On Mon, Jun 27, 2016 at 4:35 PM, Richard Smith <richardsmith at google.com> wrote:
> On 14 June 2016 at 14:09, Jason Merrill <jason at redhat.com> wrote:
>> On Mon, Jun 6, 2016 at 5:29 PM, Richard Smith <richardsmith at google.com> wrote:
>> > On 3 June 2016 at 15:25, Jason Merrill <jason at redhat.com> wrote:
>> >> On Jun 2, 2016, at 3:01 PM, Richard Smith <richardsmith at google.com> wrote:
>> >>
>> >> > If a type is not part of the regular mangling, and it contains an ABI tag in
>> >> > its mangling but not as part of its type (for instance, a dependent
>> >> > expression in a template argument references an entity with an ABI tag),
>> >> > does that appear in the resulting mangling?
>> >>
>> >> > (That is, is an implementation required to effectively mangle the return
>> >> > type and throw it away, or is some walk over the top-level type required
>> >> > instead?)
>> >>
>> >> Hmm, good question.  The current G++ implementation scans dependent
>> >> expressions in a (member function of a class) template, and considers
>> >> those in both the signature and the return type of a non-template
>> >> member function (which is not part of its signature), leading to a
>> >> somewhat curious result for this example:
>> >>
>> >> struct [[gnu::abi_tag ("foo")]] A
>> >> {
>> >>   template <class T> static T f();
>> >> };
>> >>
>> >> template <class T> struct B
>> >> {
>> >>   static decltype(A::f<T>()) g(decltype(A::f<T>()));
>> >>   static decltype(A::f<T>()) h();
>> >> };
>> >>
>> >> int main()
>> >> {
>> >>   B<int>::g(0); // _ZN1BIiE1gEi -- the tag does not appear in the mangled name
>> >>   B<int>::h();  // _ZN1BIiE1hB3fooEv
>> >> }
>> >>
>> >> Here G++ sees that A (and thus tag "foo") appears in the signature of
>> >> B<T>::g, so it doesn't tag B<T>::g, even though the dependent
>> >> expression isn't actually part of the eventual mangling of B<int>::g
>> >> because for non-template member functions we mangle the instantiated
>> >> type rather than the temploid type.  The tag doesn't appear in the
>> >> signature of B<T>::h, so h gets tagged.
>> >
>> > Is that how this is supposed to work, or is it a bug?
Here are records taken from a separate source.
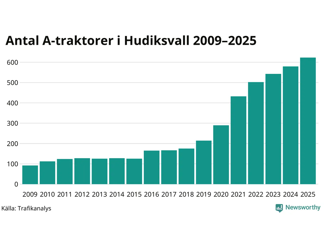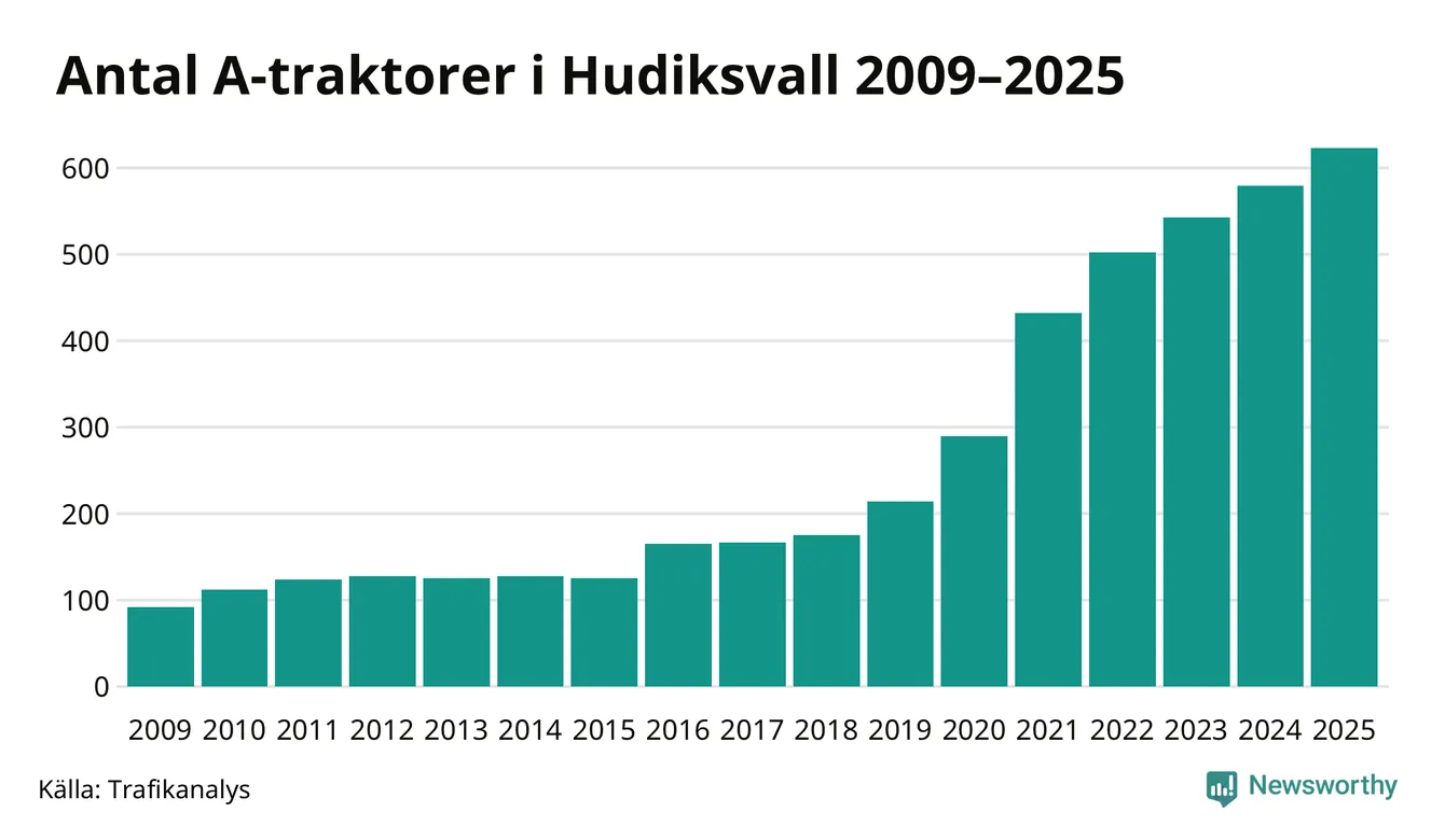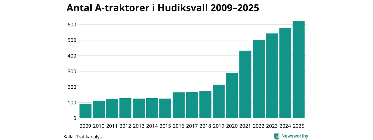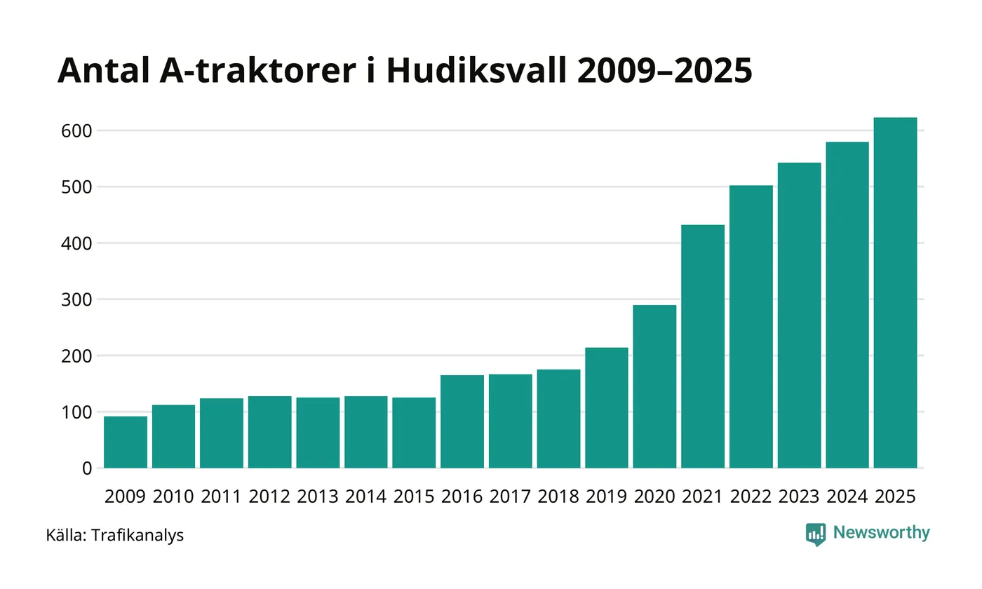För tionde året i rad ökar antalet A-traktorer i Hudiksvalls kommun, visar nya siffror från Trafikanalys. I slutet av 2025 fanns 623 A-traktorer registrerade i kommunen, vilket är 44 mer än året innan – en ökning med 8 procent. Inte sedan åtminstone 2009, som är det första året vi har statistik för, har det funnits så många A-traktorer i kommunen.
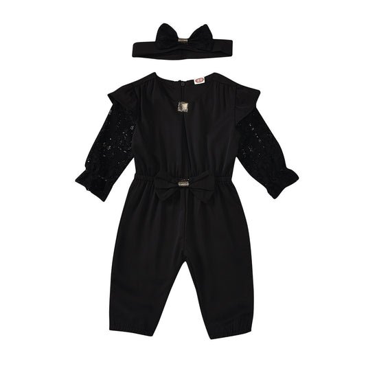 Round Neck Solid Color Zipper Girls Summer Long Sleeve Jumpsuit Headband Two Set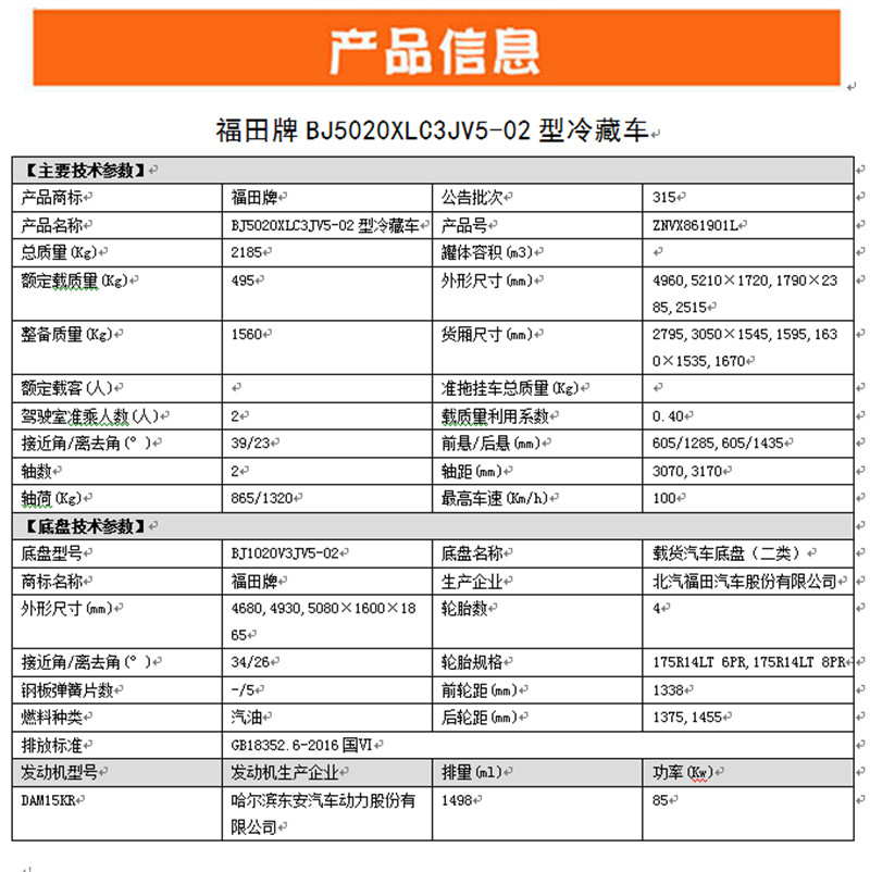 福田時代祥菱V冷藏車,1600車身,整車型號:BJ5020XLC3JV5-02,底盤型號:BJ1020V3JV5-02,整車尺寸:4960*1720*2515,箱體尺寸:2795*1545*1535,東安KAM15KR發(fā)動機,116馬力,5檔箱,DAT18R-5擋變速箱,總質(zhì)量:2185kg,整備質(zhì)量:1560kg,額定載質(zhì)量:495kg,3070軸距,175R14LT輪胎,102后橋,ABS,電動助力轉(zhuǎn)向、中控鎖,電動玻璃,、前穩(wěn)定桿、皮革座椅。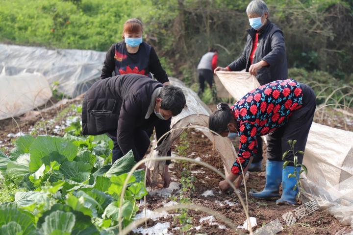 12日,在福祿鎮紅山村,菜農王光中的蔬菜田里一片忙碌的景象。春節以來,王光中每天要向批發市場供應400斤左右的茼蒿、冬莧菜等時令蔬菜,近日天氣晴好,王光中緊抓有利時機,移栽新一季的四季豆苗,做到春收春播兩不誤。(記者 黃瑞 攝)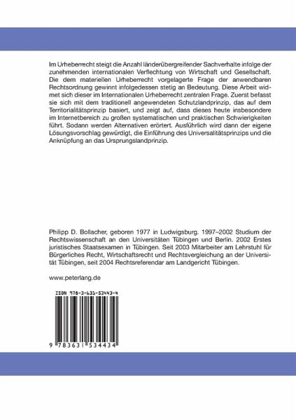 Im Urheberrecht steigt die Anzahl länderübergreifender Sachverhalte infolge der zunehmenden internationalen Verflechtung von Wirtschaft und Gesellschaft. Die dem materiellen Urheberrecht vorgelagerte Frage der anwendbaren Rechtsordnung gewinnt infolgedessen stetig an Bedeutung. Diese Arbeit widmet sich dieser im Internationalen Urheberrecht zentralen Frage. Zuerst befasst sie sich mit dem traditionell angewendeten Schutzlandprinzip, das auf dem Territorialitätsprinzip basiert, und zeigt auf, dass dieses heute insbesondere im Internetbereich zu großen systematischen und praktischen Schwierigkeiten führt. Sodann werden Alternativen erörtert. Ausführlich wird dann der eigene Lösungsvorschlag gewürdigt, die Einführung des Universalitätsprinzips und die Anknüpfung an das Ursprungslandprinzip.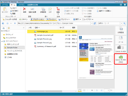Desktop Browser画面のアウトプットバーからファクスを送信するには、アウトプットバーにファクスアウトプットボタンを登録しておく必要があります。また、Desktop Browser画面から外部アプリケーションを使用してファクスを送信するには、ファクスアウトプットボタンの設定で[文書に関連付けられたアプリケーションでファクス送信する]が選択されている必要があります。ボタンの登録方法、設定方法については、次を参照してください。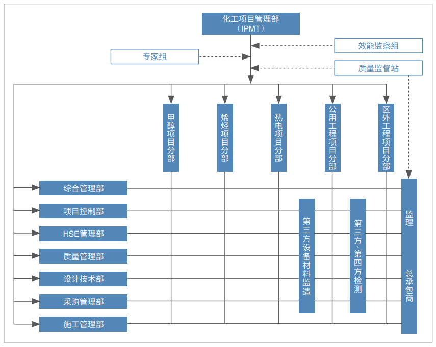 二是文件適用范圍。文件使用范圍包括PMC/IPMT團(tuán)隊(duì)內(nèi)部管控;業(yè)主與項(xiàng)目管理公司接口協(xié)調(diào)與管控;管控EPC、監(jiān)理等各類(lèi)參建單位;與政府主管部門(mén)協(xié)調(diào);覆蓋工程建設(shè)全過(guò)程(各階段、各專(zhuān)業(yè))5類(lèi)。三是文件發(fā)布。項(xiàng)目管理體系文件由PMC編制,經(jīng)業(yè)主批準(zhǔn)后發(fā)布;涉及管控EPC、監(jiān)理等參建單位的,應(yīng)列入招/議標(biāo)文件發(fā)布。四是文件的價(jià)值。迅速整合業(yè)主項(xiàng)目管理團(tuán)隊(duì)(PMC/IPMT)的工作,使其管理有序、科學(xué)合理、專(zhuān)業(yè)透明;符合法律、法規(guī)和政府監(jiān)管要求,奠定工程建設(shè)有序推進(jìn)基礎(chǔ);業(yè)主管理文件(對(duì)項(xiàng)目執(zhí)行的具體要求)列入招/議標(biāo)文件有利于承包商等投標(biāo)人進(jìn)行準(zhǔn)確報(bào)價(jià)、作出承諾和響應(yīng),縮短中標(biāo)后合同談判時(shí)間,業(yè)主管理文件成為合同附件(有法律約束力),將顯著減少合同糾紛。矩陣式管理結(jié)構(gòu),是常見(jiàn)的組織結(jié)構(gòu)形式之一。PMC/IPMT團(tuán)隊(duì)即是業(yè)主方項(xiàng)目管理團(tuán)隊(duì),是工程建設(shè)的中樞指揮機(jī)構(gòu),其組織機(jī)構(gòu)的設(shè)計(jì)至關(guān)重要。項(xiàng)目的組織結(jié)構(gòu)形式一般有:職能型、項(xiàng)目型、矩陣型。通過(guò)大量工程建設(shè)實(shí)踐驗(yàn)證,矩陣式管理結(jié)構(gòu)(矩陣型)是能夠迅速整合業(yè)主項(xiàng)目管理團(tuán)隊(duì)(PMC/IPMT)的良好的項(xiàng)目組織結(jié)構(gòu)形式(圖3)。矩陣式管理結(jié)構(gòu)特征主要包括:一是項(xiàng)目部,主要解決“干什么”,負(fù)責(zé)執(zhí)行并完成項(xiàng)目工作;二是職能/專(zhuān)業(yè)部門(mén),主要解決“怎么干”,為項(xiàng)目部提供技術(shù)支持。▲圖3 矩陣型組織結(jié)構(gòu)原理示意圖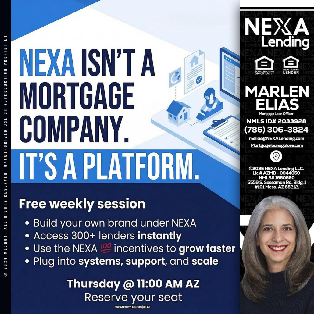 NEXA ISNT - Marlen Elias -Mortgage Loan OfficerHi, my name is Marlen Elias. I’m a Loan Officer with NEXA Lending LLC., offering personalized mortgage solutions, fast customized quotes, great rates and service with integrity.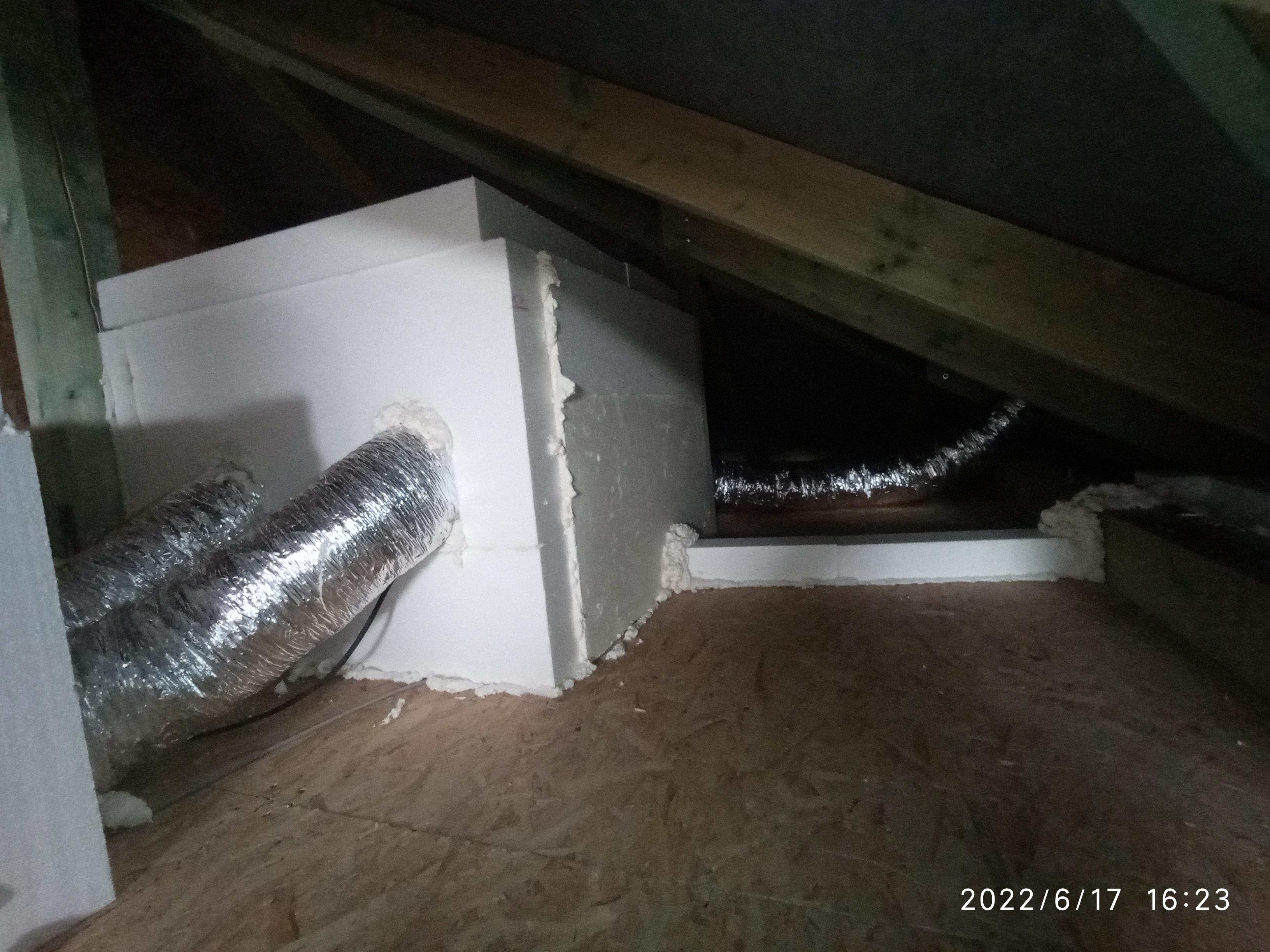 Rosszul kialakított légtechnikai rendszer padláson szerelve - példa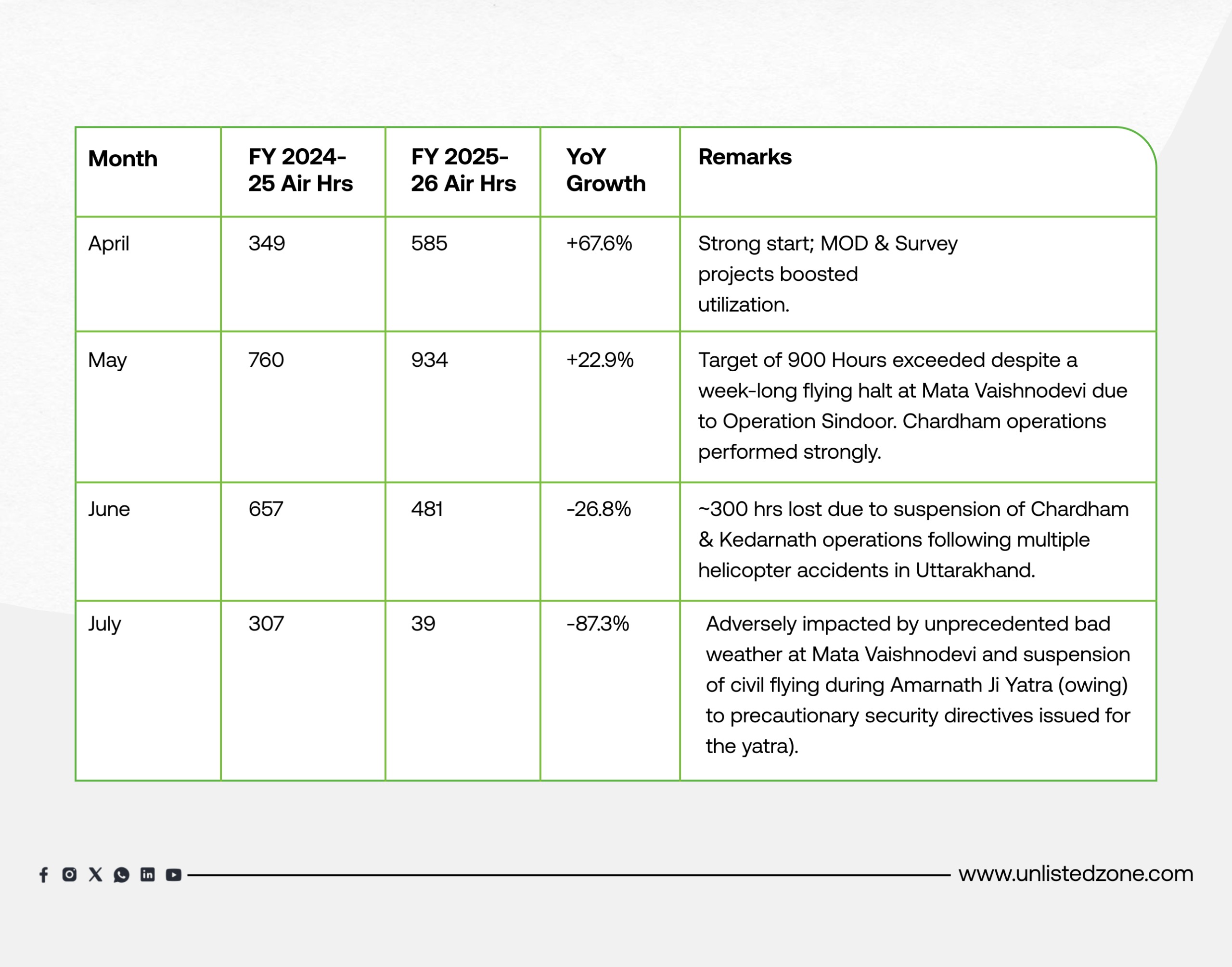 June 2025: 481 air hours (–26.8% YoY) – Nearly 300 hours lost after suspension of Chardham & Kedarnath flying due to helicopter accidents in Uttarakhand.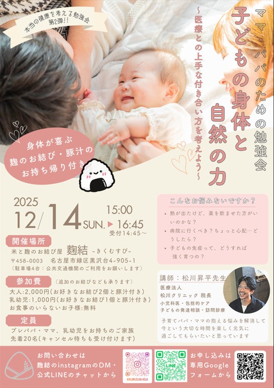 地域の親子が安心して暮らすために──名古屋市天白区「松川クリニック」松川昇平先生による勉強会を12月14日(日)に開催。麹たっぷりおむすび&豚汁付き、家庭で学びを共有できるひと時を。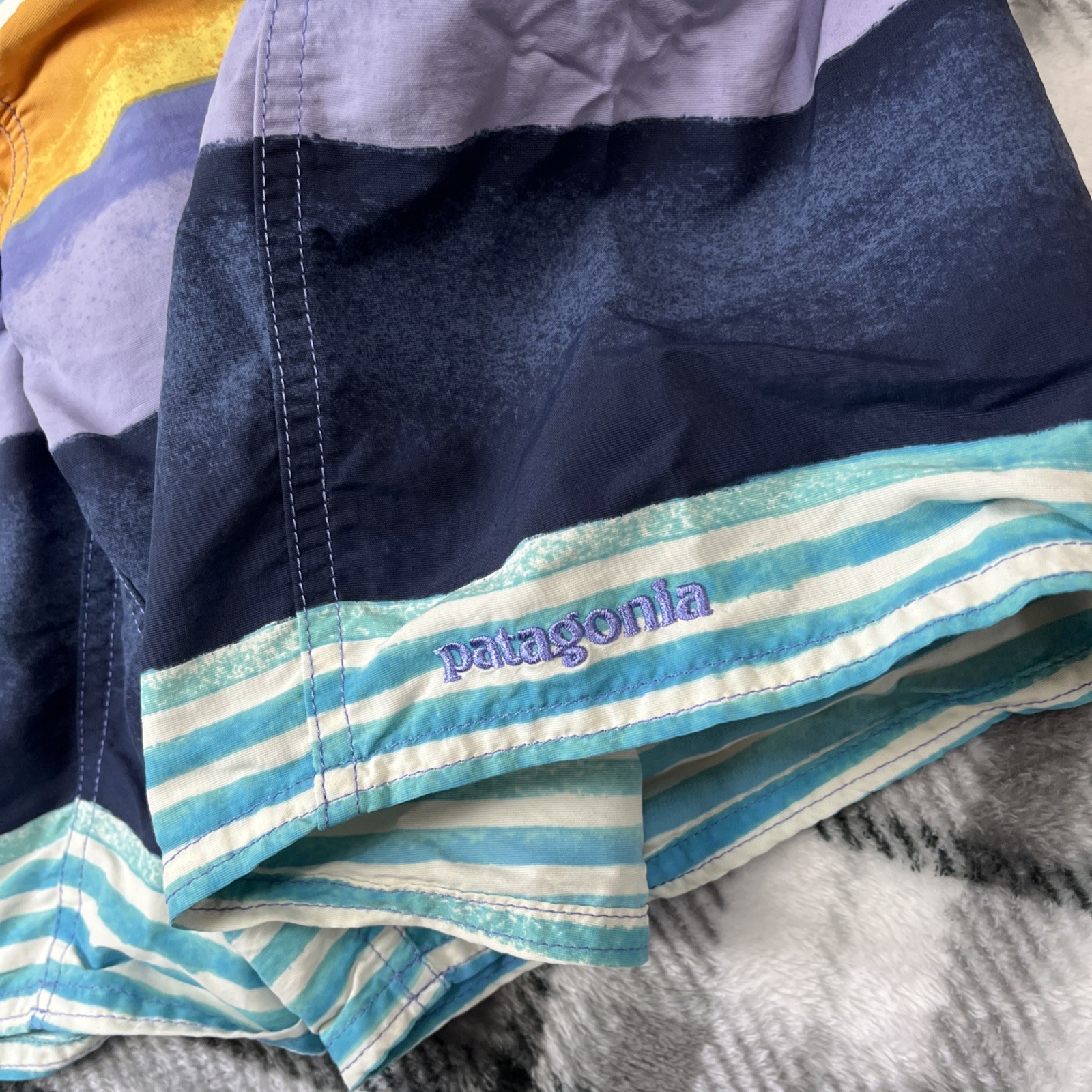 как выглядит Patagonia Hydropeak Volley Shorts Men 38" Blue Colorblock Swim 16" Stretch фото
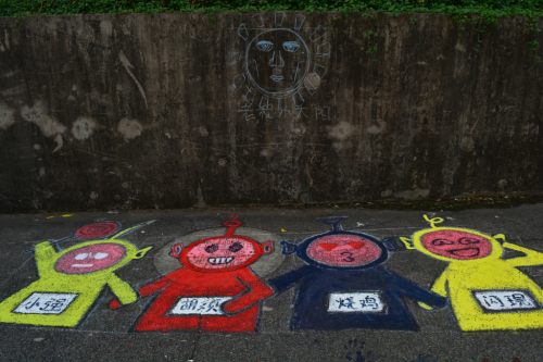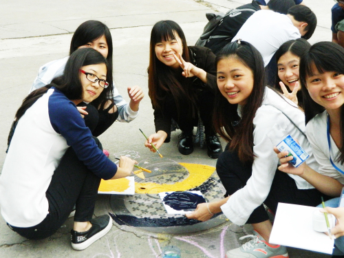 本次活动吸引八十多个小组报名参赛,有个人参赛的也有小组参赛的。他们先用粉笔在沙井盖上打草稿,随后用红、白、黄、蓝色水粉进行调色,在沙井盖上涂下一个个“脑洞大开”的创意图案,有趣的涂鸦让路过的同学们都忍不住要和换了“新装”的沙井盖驻足留影。

It would seem more
>> > reasonable to say the tag set added after to the declaration's name is the
>> > tag set from scanning the original unsubstituted declaration, minus the tags
>> > produced by mangling (and I suspect that probably doesn't change the
>> > mangling for any cases in the wild).
>>
>> It does seem like a bug.  For non-template member functions, since the
>> signature we mangle is the fully-instantiated signature, it probably
>> also makes sense to use that signature in determining tags, so that
>> neither of the above functions would mention a tag:
>>
>> struct [[gnu::abi_tag ("foo")]] A
>> {
>>   template <class T> static T f();
>>   template <class T> static A g();
>> };
>>
>> template <class T> struct B
>> {
>>   static decltype(A::f<T>()) fa(decltype(A::f<T>()));
>>   static decltype(A::f<T>()) fv();
>>   static decltype(A::g<T>()) ga(decltype(A::g<T>()));
>>   static decltype(A::g<T>()) gv();
>> };
>>
>> int main()
>> {
>>   B<int>::fa(0);   // _ZN1BIiE2faEi
>>   B<int>::fv();    // _ZN1BIiE2fvEv
>>   B<int>::ga(A()); // _ZN1BIiE2gaE1AB3foo
>>   B<int>::gv();    // _ZN1BIiE2gvB3fooEv
>> }
>>
>> Thoughts?
>
> Seems reasonable to me. This runs the risk of the ABI variance existing only
> in the SFINAE condition, rather than in the signature, but that's probably
> not an issue in practice.

It shouldn't be an issue at all, since SFINAE only applies to member
templates, for which we already mangle the return type, not the above
member functions of a class template.

> Would the upshot then be that the tags are always
> determined as if by mangling the declared return type (after substitution)
> and checking which tags would appear?

Yes.

Did you have a reaction to Dmitry's mail?